S’inspirer de la ville pour bâtir le village
Par imitation des pratiques urbaines, ces communautés rurales, longtemps considérées comme sous-développées, ont commencé à créer et à mutualiser des biens matériels destinés à être utilisés lors des grandes cérémonies sociales. Mariages, dots, funérailles, anniversaires ou autres festivités constituent désormais des occasions où ces équipements sont mis à la disposition des habitants.
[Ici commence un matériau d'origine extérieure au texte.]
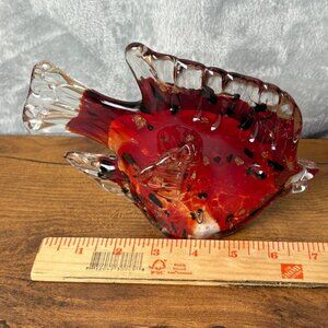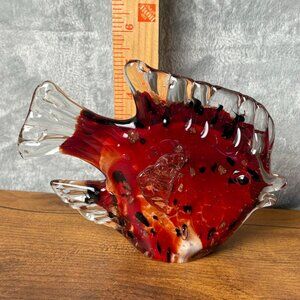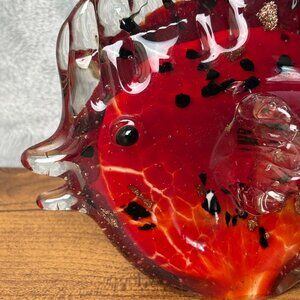 Handcrafted Glass Angel Fish Sculpture Red Clear Gold Crystal Piece Murano Style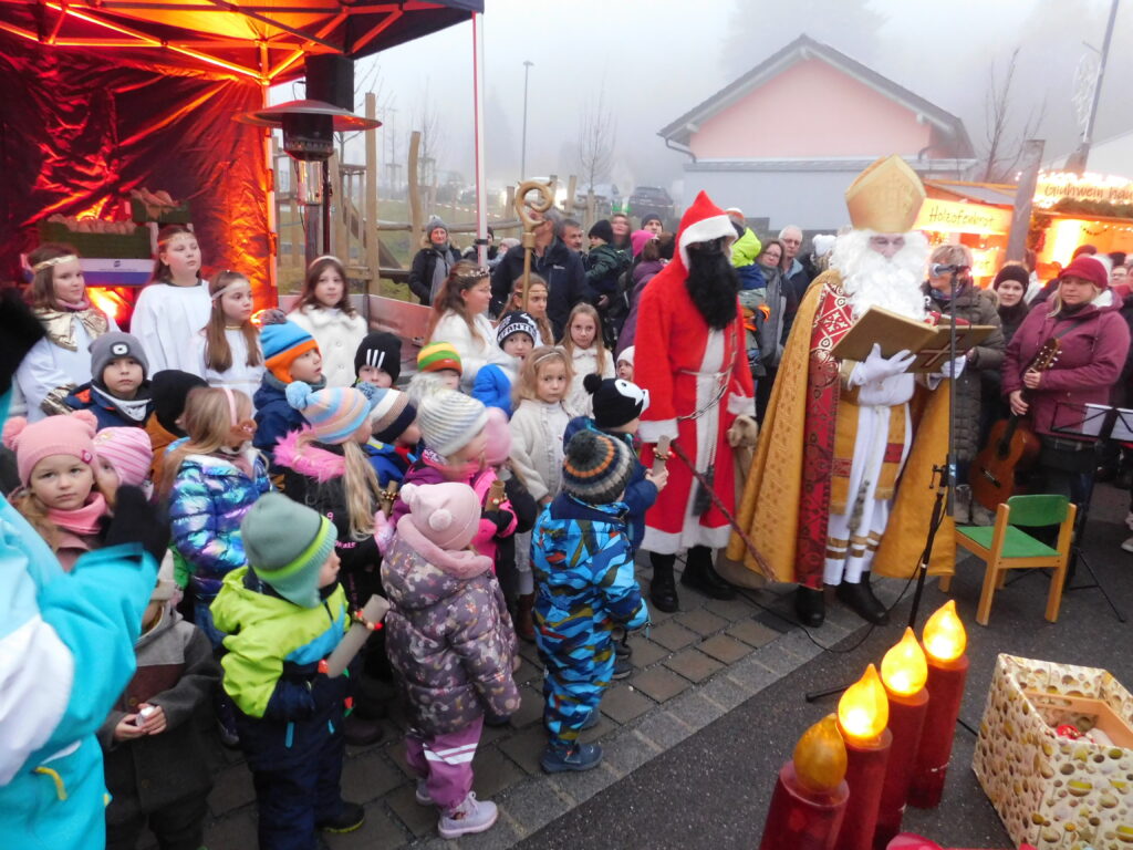 Die Kinder des Kindergartens St. Michael sangen mit Leiterin Anne Weikl und musikalischer Begleitung durch Jutta Gerg und Alex Birnböck Lieder zur Begrüßung, die vorher in wochenlangen Proben geübt worden waren. Die Kinder freuten sich auf den Besuch des Hl. Nikolaus, der schließlich mit seinem „Krampus“ auf den Dorfplatz zog und kleine Geschenke an alle Kinder verteilte, nachdem er aus seinem goldenen Buch vorgelesen hatte. Ingrid Hupf spielte auf ihrer Gitarre Weihnachtslieder und freute sich, dass auch einige Besucher mit ihren Kindern kräftig mitsangen.

Motards, écoles et groupes mutualistes en première ligne
Parmi les exemples cités figurent les groupes de motards, certaines écoles et des mutuelles communautaires telles que Silwamughima. Ces structures ont investi dans l’achat de matériels d’aide événementielle : bancs, tentes, matelas, plateaux, casseroles, voire des ordinateurs. Les bénéficiaires louent ces équipements pour un nombre de jours déterminé, moyennant une contribution financière fixée à l’avance.
Une gestion encadrée et responsable
La gestion de ces biens est confiée à des comités bien structurés, chargés de tracer les entrées, sorties et l’entretien du matériel. Ce mode d’organisation garantit la durabilité des équipements et renforce la transparence au sein des groupes. Dans un contexte où il est difficile pour une personne privée de posséder seule des matériels capables de servir une centaine de personnes, la mutualisation apparaît comme une solution efficace et solidaire.
L’exemple d’un sage initiateur
Interrogé par notre rédaction, un initiateur de cette dynamique explique avoir commencé par fabriquer 25 bancs destinés aux cérémonies organisées dans sa famille. « Lorsqu’il y a une fête, les membres de la famille ou du village viennent récupérer les bancs », confie-t-il. En contrepartie, le propriétaire perçoit une somme modique d’amortissement par jour d’utilisation. Un système qui s’étend aujourd’hui à d’autres matériels comme les tentes, les matelas ou les ustensiles de cuisine.
Une solidarité qui fait école
À Mighobwe, ces initiatives de mutuelles communautaires illustrent une nouvelle forme de solidarité rurale, pragmatique et tournée vers l’autonomie. Elles témoignent de la capacité des communautés locales du territoire de Lubero à innover, à s’organiser et à poser les bases d’un développement endogène fondé sur l’entraide et la responsabilité collective.